British sports broadcaster

Kate Mason (born 22 November 1987) is a British sports journalist and broadcaster.

==Personal life==
Mason grew up in the village of Oundle in North Northamptonshire and educated at Oundle School. Her mother was an English teacher and Mason read English Literature at Cambridge University. She decided to pursue a career in sports journalism after being inspired by female journalists such as Clare Balding at the 2012 Summer Olympics and Jacqui Oatley on Match of the Day. Her mother is a Wolverhampton Wanderers fan but like her father, Mason is a fan of Tottenham Hotspur.

==Career==
Mason started sports reporting by reporting on Squash and was featured in The Daily Star and Metro newspapers. She joined a training scheme at the BBC in which her roles included working on BBC Radio London and BBC Radio 5 sports comedy panel show Fighting Talk, a show she would later appear on numerous times as a guest, and as presenter Colin Murray noted, the first member of staff to come back and win.

Mason worked for ITN, Talksport, and then for beIN Sports in Doha as one of the channel’s main presenters.

From 2019 to 2021 Mason was a presenter on Sky Sports News.

She joined The Football Ramble as a regular host in 2020 alongside Jules Breach, Andy Brassell and Vithushan Ehantharajah. As well as hosting regular shows Mason presents the Football Ramble Book Club and interview show The Drop In, for which Mason interviews a special guest, such as former England manager Glenn Hoddle. Her audio documentary "Inside the Qatar World Cup" for the Football Ramble won a bronze award at the British Sports Journalism Awards in March 2023.

In 2023, Mason took up the role of anchor on Eurosport’s coverage of the UCI Mountain Bike World Series alongside former Olympic Champion Bart Brentjens. She is also a regular commentator on BBC Final Score.

She has also appeared as a guest on The Guardian’s Football Weekly, and presented on Rangers TV, and guest presented the television highlights of the English Football league on Quest.
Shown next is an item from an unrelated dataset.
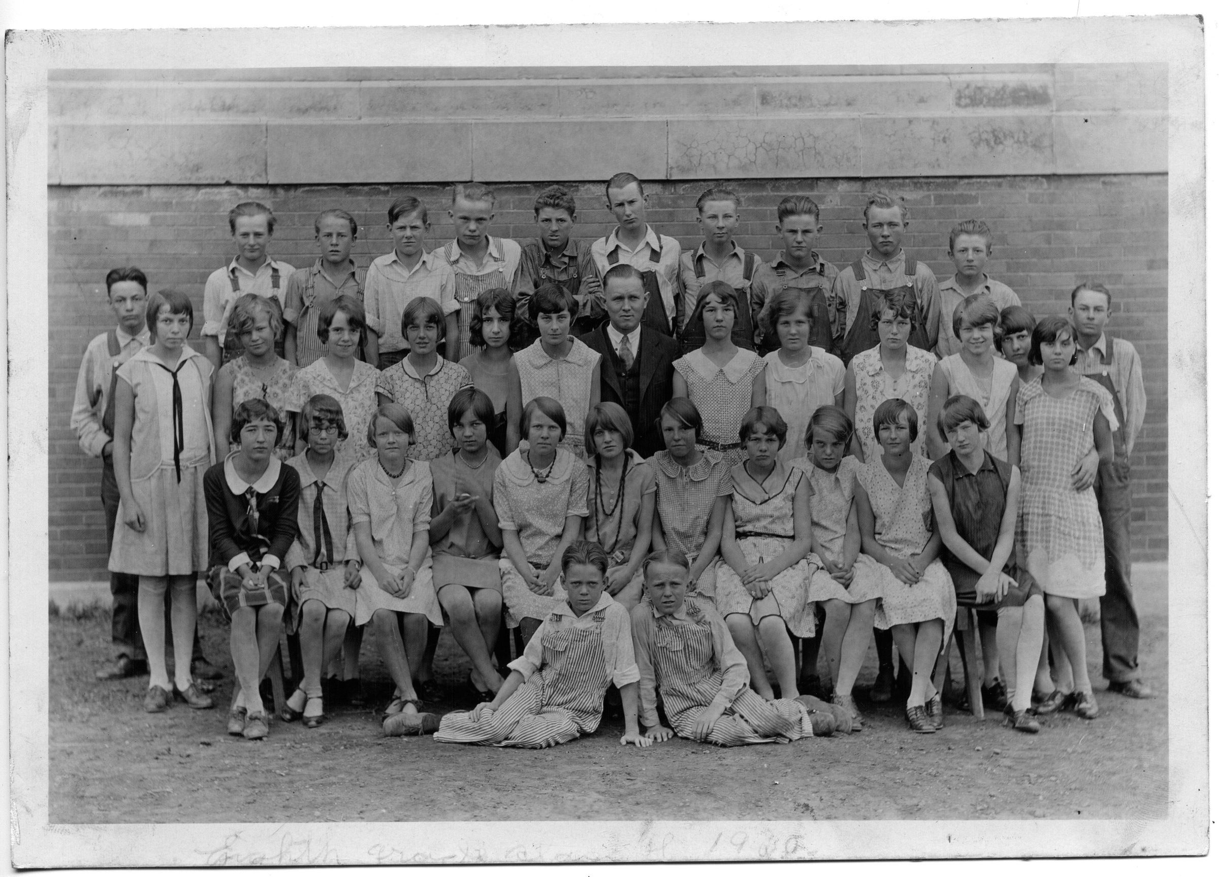 Back row, left to right, Raymond King, George Hayes, Howard Flint, Newell Barnes, Wendell Barton, George Yaunt, Myron Marston, James Prigmore, Bill Love, Roy Kanuit; Middle row, left to right, Herman Blamires, Eva Sandal, Ruby Rasmussen, Mary Bonnemore [sic - Bonnemort], Gertrude Rushforth, Luella Phillips, Elaine Hyde, teacher Elburn Dickson, Lucille Layton, Elaine Barton, Nora Wilcox, Sarah Linford, Bertha Butcher, Verla Smith; Front row, left to right, Mary Green, Vera Winegar, Juanita Young, Laven [sic - Lavern] Jost, Lavinia Young, Phyllis Payne, Vera Colemere, Jenny Beesley, Florence Buckly, Iwa Layton, Fern Galbraith. Sitting in front, Bill Epperson, Myron Linford

In 2024, Mason anchored TNT Sport's coverage of England's test series in India, alongside former England Internationals Sir Alastair Cook and Steven Finn. That year, she was part of the Discovery+ coverage of the 2024 Paris Olympics.
Since March 2026, Mason has hosted the award-winning Tottenham Hotspur podcast 'The View From The Lane' while usual host, Danny Kelly, recuperates from illness.